7. The system for determining financial schemes according to claim 2, characterized in that, The risk engine module also includes a risk monitoring submodule, which is used to collect dynamic data in real time during the execution of financial solutions. The dynamic data includes changes in market data, customer performance, and capital flow information. The data is compared with the risk calculation and simulation results. When the actual data exceeds the preset warning range, a risk warning is automatically triggered, and risk response adjustment suggestions are pushed to the terminal module.
8. The system for determining financial schemes according to claim 2, characterized in that, The application platform server also includes a model optimization module, which is used to periodically analyze the deviation between historical risk data and model prediction data, and the deviation between the actual value of historical value indicators and the predicted value of the evaluation, to evaluate the effectiveness of the risk assessment model and the value evaluation algorithm. When the deviation exceeds a set threshold, the model parameters and algorithm coefficients are optimized and adjusted, and the risk assessment model and value evaluation algorithm are updated to improve the accuracy of risk assessment and value evaluation.
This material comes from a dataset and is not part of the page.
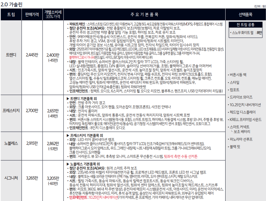 | 구분 | 2.0가솔린 | 1.6터보가솔린 | 2.0하이브리드 | LPG |

9. The system for determining financial schemes according to claim 2, characterized in that, The compliance verification module is also used to: regularly update the compliance verification rule base, synchronize the latest financial regulatory laws and internal management systems; mark the violations and provide compliance adjustment suggestions for preliminary financial solutions that fail the compliance verification; and store the compliance verification history to provide data support for compliance audits.
10. The system for determining financial schemes according to claim 2, characterized in that, The terminal module also includes an interaction submodule, which is used to receive user instructions to adjust the financial plan, transmit the adjustment instructions to the application platform server, receive the final financial plan and related reports returned by the application platform server, and support users to query, download and print the plan content.